Train %>% nest(-Groups) %>% 
        mutate(fit=map(data,~lm(X~Y+Z,x=.)),
               augmented = map(fit,augment),
               predict = map2(fit,Y,Z)) %>%
        unnest(augmented) %>% select(-data)

This works perfectly with the Train data.这与训练数据完美配合。 I can get fitted, model summary etc by using different broom functionalities like glance or augment.我可以通过使用不同的扫帚功能(如扫视或增强)来安装 model 总结等。 And each group has a model of its own the way I wnated.每个组都有自己的 model,就像我所拥有的那样。

The challenge is when I want to use this model on the test data.挑战是当我想在测试数据上使用这个 model 时。

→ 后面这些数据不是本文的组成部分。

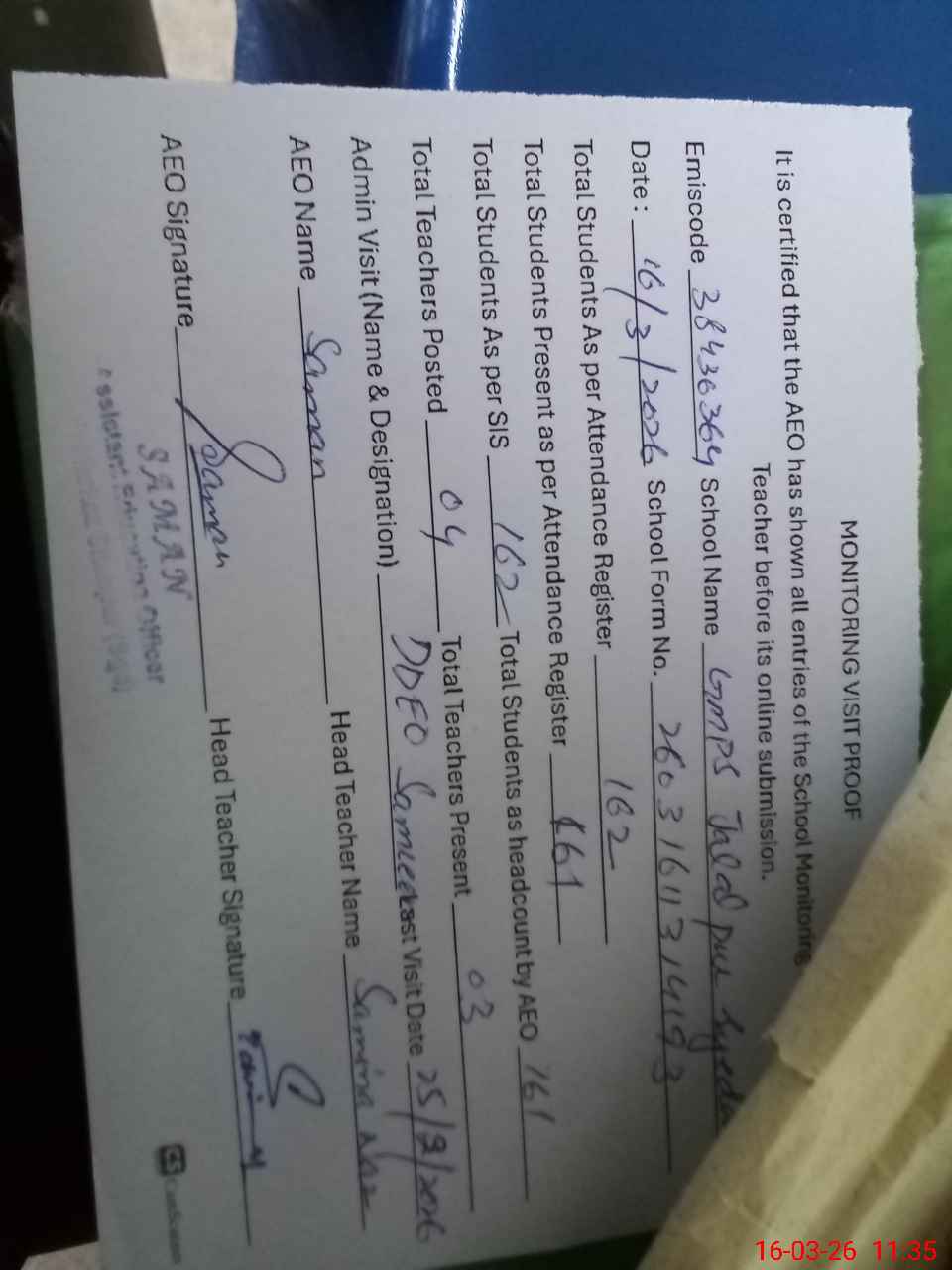 | Attendance Register | Head Teacher | MEA with School | Visit Proof |

Seems straight forward but somehow the solution eludes me:(似乎直截了当,但不知何故,解决方案让我望而却步:(

When you fit to nested data like that, you end up with many models, not just one, so you will need to also to set yourself up to predict on many models .当您适合这样的嵌套数据时,您最终会得到许多模型,而不仅仅是一个,因此您还需要设置自己以预测许多模型

library(tidyverse)
library(broom)

data(Orange)

Orange <- as_tibble(Orange)

orange_fit <- Orange %>% 
  nest(data = c(-Tree)) %>%    ## this sets up five separate models
  mutate(
    fit = map(data, ~ lm(age ~ circumference, data = .x))
  ) 

## the "test data" here is `circumference = c(50, 100, 150)`
orange_fit %>%
  select(Tree, fit) %>%
  crossing(circumference = c(50, 100, 150)) %>%
  mutate(new_data = map(circumference, ~tibble(circumference = .)),
         predicted_age = map2_dbl(fit, new_data, predict))
#> # A tibble: 15 x 5
#>    Tree  fit    circumference new_data         predicted_age
#>    <ord> <list>         <dbl> <list>                   <dbl>
#>  1 3     <lm>              50 <tibble [1 × 1]>          392.
#>  2 3     <lm>             100 <tibble [1 × 1]>          994.
#>  3 3     <lm>             150 <tibble [1 × 1]>         1596.
#>  4 1     <lm>              50 <tibble [1 × 1]>          331.
#>  5 1     <lm>             100 <tibble [1 × 1]>          927.
#>  6 1     <lm>             150 <tibble [1 × 1]>         1523.
#>  7 5     <lm>              50 <tibble [1 × 1]>          385.
#>  8 5     <lm>             100 <tibble [1 × 1]>          824.
#>  9 5     <lm>             150 <tibble [1 × 1]>         1264.
#> 10 2     <lm>              50 <tibble [1 × 1]>          257.
#> 11 2     <lm>             100 <tibble [1 × 1]>          647.
#> 12 2     <lm>             150 <tibble [1 × 1]>         1037.
#> 13 4     <lm>              50 <tibble [1 × 1]>          282.
#> 14 4     <lm>             100 <tibble [1 × 1]>          640.
#> 15 4     <lm>             150 <tibble [1 × 1]>          999.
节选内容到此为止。